4 Reasons You Should Get Friendly With a Foam Roller and How To Do It Part 2 (5 minute read)

In part one of this blog we described the foam roller and its history. We also listed four ways fascia benefits from SMR (self myofascial release). Here is that list again: 

  • SMR hydrates fascia 
  • SMR wakes up your slumbering parts 
  • SMR organizes your fascia  
  • SMR decreases neural drive to overactive neuro-myofascia

In part two of this blog we will explain just how benefit number one is acheived through SMR. 

How SMR hydrates fascia

When we tell students and clients that it is important to hydrate their fascia they usually tell us how many bottles of water they regularly drink. It’s a natural line of reasoning but, drinking water does not directly hydrate fascia. To understand how fascia IS hydrated we need a little knowledge of it’s makeup. 

Fascia is made of Callagen, Elastin and Reticulin fibers all covered in and moving in a watery gel like medium called ground substance. 


The fibers are made of proteins. The watery ground substance is mostly- you guessed it- water. Ground substance also contains molecules made of sugar and amino acids called Glycosaminoglycans or GAGs. GAGs are amazing water organizers! Their shape has much to do with this ability. GAGs are shaped like fern leaves with fronds branching off of a spine in the middle. They line up microscopic droplets of water all along their “fronds.” We want fronds that are nicely spaced from each other because of the water they are holding. In healthy connective tissue the fern like fronds are just-Goldilocks-right. In other words, in healthy fascia the GAGs have organized enough water to keep things open and moving. Picture happy “ferny” GAGs swaying in the ground substance.

Conversely, if tissue is injured (as an example think of bumping your hip into the corner of that desk you knew was there or "pulling" something in your back while training) some collagen in the area breaks or tears and the GAGs soak up MORE water. Picture unhappy bloated ferny GAGs. This is part of what occurs when tissue swells as a result of trauma.

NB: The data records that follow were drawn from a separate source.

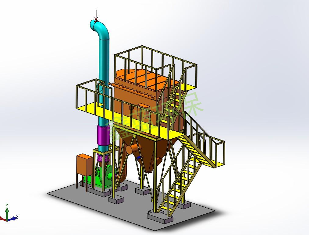 2.濾室:濾室包括花板、濾袋組件、灰斗、煙氣進口煙道等。濾袋材料是一種柔性透氣介質,通常由針或薄膜材料制成。濾袋由金屬籠骨支撐,以免過濾時被吸收。濾袋和龍骨作為一個整體懸掛在花板上。灰斗安裝在濾室下方,灰斗通常作為煙氣進口。灰斗中的導流板用于吸收進口煙氣高速運動顆粒的動能,分配進口氣流,保護濾袋免受磨損,使各濾袋負荷均勻。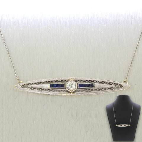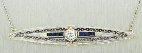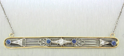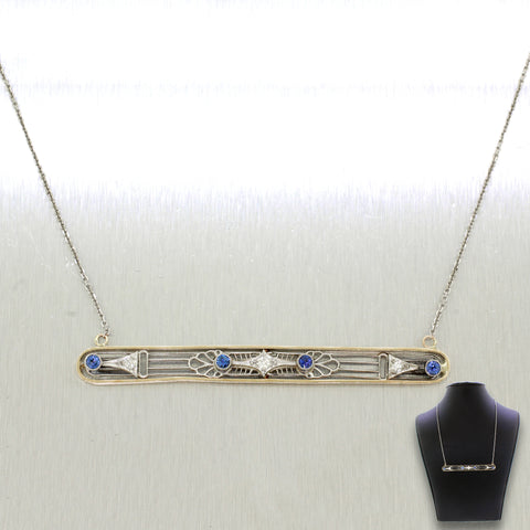 1920s Antique Art Deco 14k Gold 0.25ct Diamond & Sapphire Bar Necklace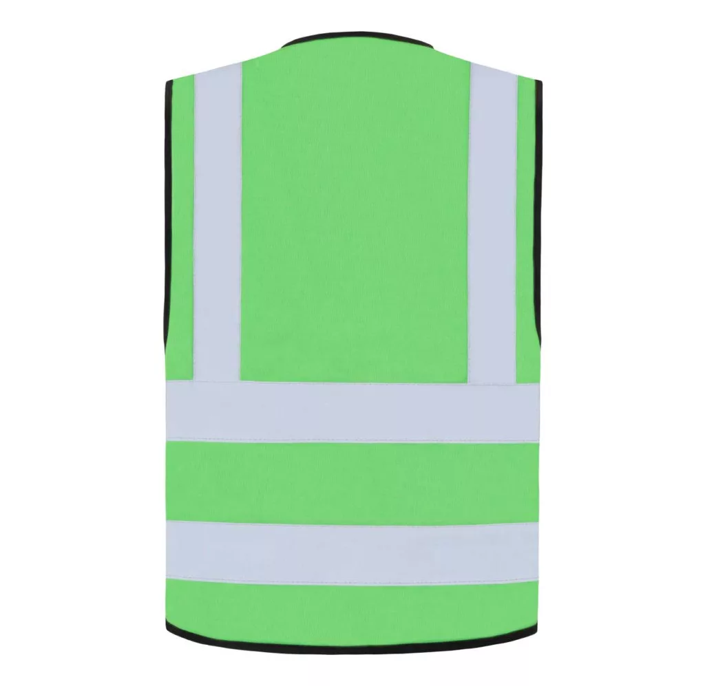 Két fényvisszaverő csík fut a testen körbe, egy-egy pedig a vállakon a kiváló láthatóság érdekében.

The opposite can happen too. In tissue that has not moved for a while GAGs will lose water. Since the microscopic water droplets are not keeping the “fronds” open these sugar-amino molecules become sticky and gnarly. 


The ideal environment in your fascia is one where water moves into an area, is “bound” by GAGs for a time, is squeezed out of the area by big muscle action and then flows back into the area to be “bound” again by GAGs. Fascia is like your kitchen sink sponge that needs to be squeezed to get the old water out. If it’s dry, it’s helpful to squeeze the old water out and let go to soak up new water. Muscles usually do this work for us.* When tissue is either swollen from trauma or dehydrated and sticky from lack of movement muscles are busy “splinting.” In either of these situations they are not interested in getting their squeeze on! A solution is to mimic the squeezing action of muscles by moving the area while applying pressure. Foam rolling is a very effective way to squeeze the sponge! So drink your water but to really hydrate your fascia, get friendly with your foam roller. 



In the next three parts to this bolg we will explain how: 

  • SMR wakes up your slumbering parts 
  • SMR organizes your fascia  
  • SMR decreases nueral drive to overactive neuromyofascia 

*Soft tissue is naturally deformed and “squeezed” when we exercise. Exercise, even stretching, squeezes water out of tissue. Rest allows water to wash back in. This is a desirable process. Over-training is tantamount to squeezing the sponge (your tissue) over and over again, causing dehydration. Dehydrating in connective tissue is an undersirable process and can lead to injury (sometimes, ironically, involving swelling).